On the London Mayoral selection, the report leaves it to the NEC to decide:

  • Exactly when in the second half of 2015 it will be held.
  • What the nomination threshold is (candidates will need to get nominations from CLPs and affiliates)
  • The detailed procedures for the joint panel of the NEC and London Regional Board to do the shortlisting
  • What the “specific safeguards” are “to ensure a level playing field and to guard against manipulation or abuse” in the signing up of registered supporters to participate

These are decisions which could be more than a little bit politically contentious.


According to the timetable in the report, the Implementation Group won’t even exist until May this year and the NEC has until the end of this year to:

  • Establish the system for recording individual affiliation
  • Agree a new standard model for Constituency Development Plans
  • Agree a new code of conduct for selections
  • Agree spending limits in selections

I hope the NEC moves a bit faster than this.

It isn’t great for candidates to have to seek selection during the rest of 2014 under procedures we have basically just admitted are flawed and unfair.

And given we can adjust our membership system almost overnight to add additional data about new members or a new category of membership fee, I am not convinced it needs to take ten months to add in what are effectively two new categories of membership (the affiliated supporters and the registered supporters).
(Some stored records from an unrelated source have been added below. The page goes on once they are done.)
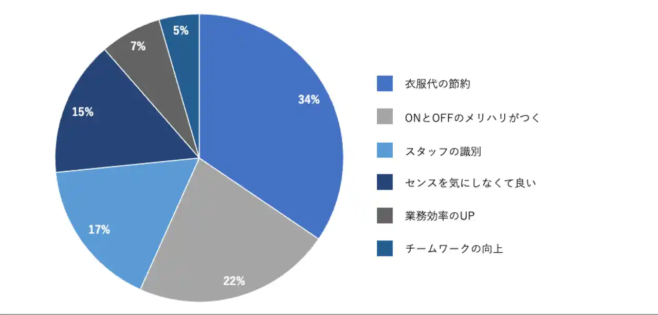 また、「服装のセンスを気にしなくてよい」という声があるように、服装に対する周囲からの指摘や評価、いわゆる“服装ハラスメント”の防止にも寄与していることが分かりました。 |
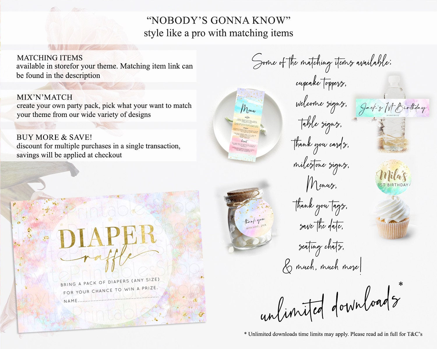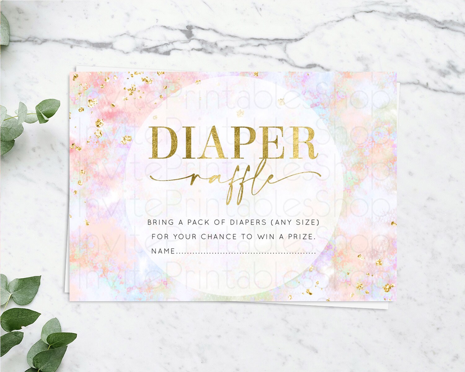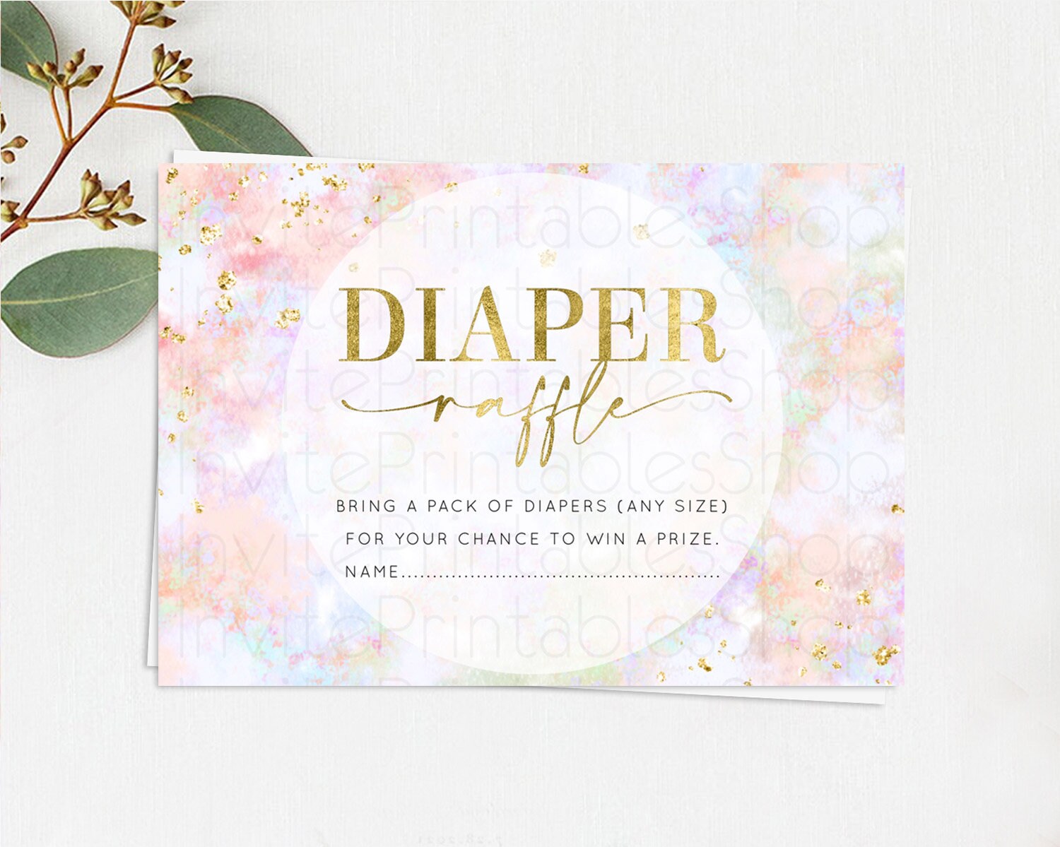 Pastel Diaper Raffle Card Pastel Rainbow Diaper Raffle Insert Colorful Ombre Watercolor Diaper Ticket Confetti Glitter Raffle Game D10649
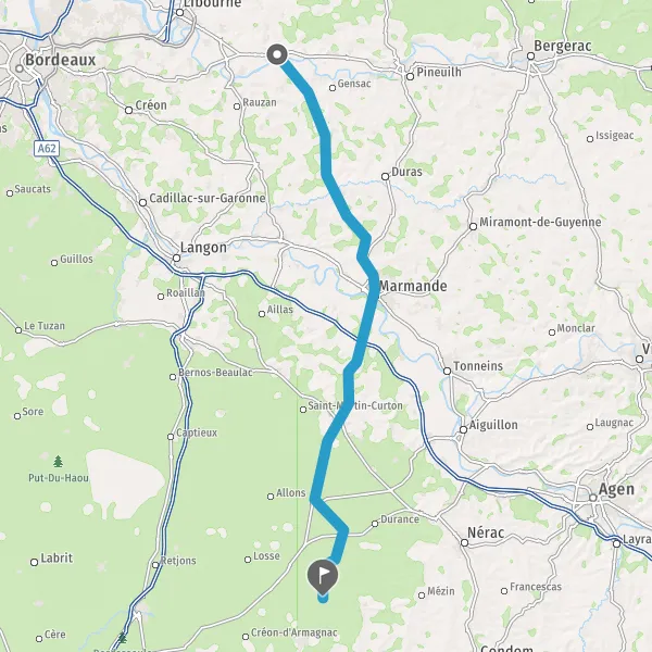 Tourner à droite sur D708 (Route de Duras) et continuer sur 3,9 kilomètres

It is more difficult in terms of the report outputs as the lists will need to be kept separate for each CLP from the lists of full members, but surely the data capture can be done using our existing membership system?

This leads me to the second category of changes, those where I’ve said “making it happen properly requires a lot of hard work”. Because you can change the rules about who can vote in leadership elections and the London Mayor selection, and bring in or amend the membership software to collect those names, but the key thing is going out and recruiting them. Otherwise, as Len McCluskey has warned, you could end up with a London selection, or an unexpected leadership election, where the intended expanded franchise actually ends up narrower than before, or very lop-sided because one affiliate has done the exercise and others have been slower. There’s clearly a risk here because I believe all the current 400,000 plus UNISON Affiliated Fund members will be considered as having already opted in (which is great) but no one else has yet.

As soon as the Party is ready to record applications to be an affiliated supporter or a registered supporter, the whole movement needs to do a massive push on this.

The primary responsibility for recruiting affiliated supporters lies with the affiliates themselves as they hold the membership data. There must be some low-hanging fruit e.g. anyone they hold email addresses for can be asked to opt-in online almost immediately that the Party is ready to accept them. And then you get into the tough grind of mailshots, phone calls and workplace visits to sign people up. I’m guessing there will be some people that don’t opt in right away but do get excited in the context of a leadership election or London selection actually starting, and that new union recruits will need to be persuaded to opt-in at the point they join the union, so this process of signing people up will be ongoing, not just a one-off.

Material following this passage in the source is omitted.